■ **Materials provided**:
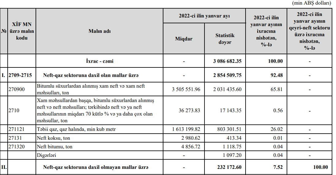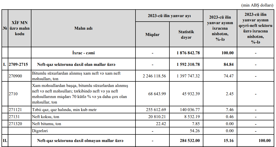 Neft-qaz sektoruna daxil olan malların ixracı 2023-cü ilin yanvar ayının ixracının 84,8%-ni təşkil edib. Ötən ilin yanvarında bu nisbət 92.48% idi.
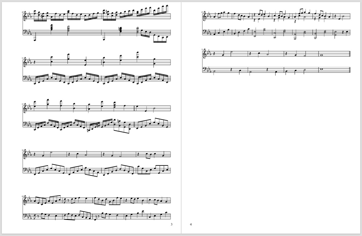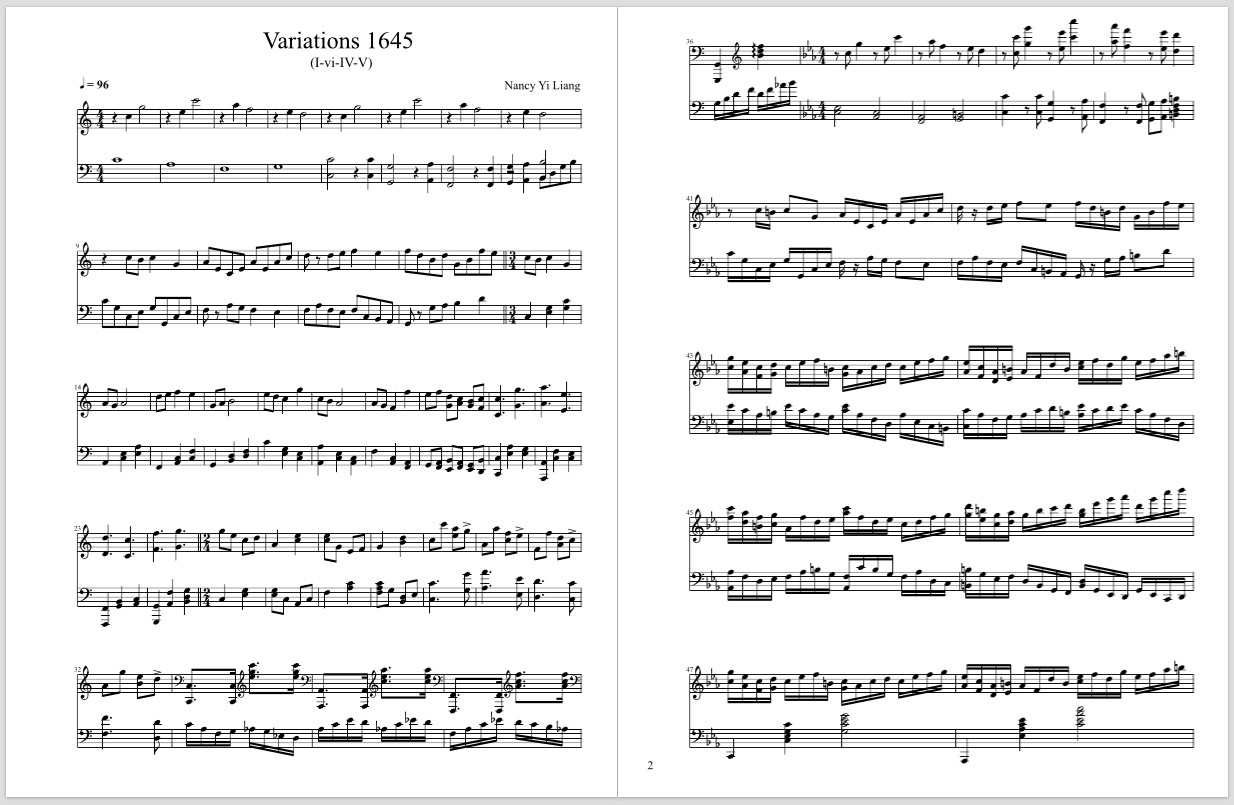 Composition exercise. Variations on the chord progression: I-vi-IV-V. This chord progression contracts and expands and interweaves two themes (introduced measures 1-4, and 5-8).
...
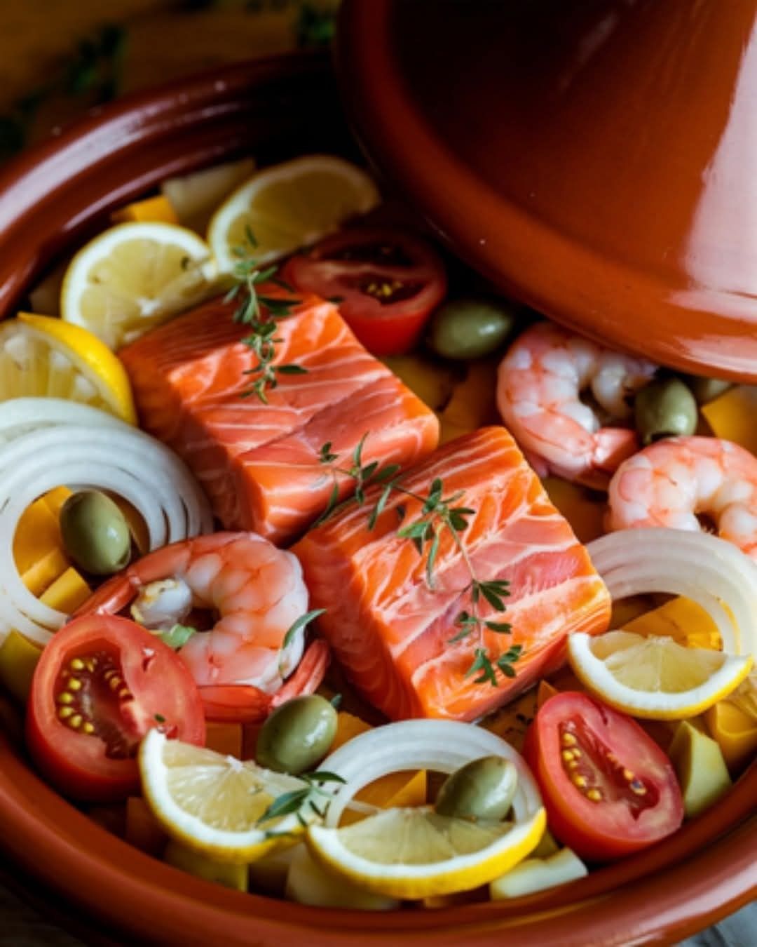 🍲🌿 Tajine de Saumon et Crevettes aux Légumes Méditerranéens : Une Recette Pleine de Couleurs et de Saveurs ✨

■ **The task**: Within the entries above, give again exactly the lines starting at the one that contains "Neft-qaz sektoruna daxil" and ending at the one that contains "Composition exercise. Variations", leaving out the pictures.

■ **Completed exercise**:
 Neft-qaz sektoruna daxil olan malların ixracı 2023-cü ilin yanvar ayının ixracının 84,8%-ni təşkil edib. Ötən ilin yanvarında bu nisbət 92.48% idi.
 Composition exercise. Variations on the chord progression: I-vi-IV-V. This chord progression contracts and expands and interweaves two themes (introduced measures 1-4, and 5-8).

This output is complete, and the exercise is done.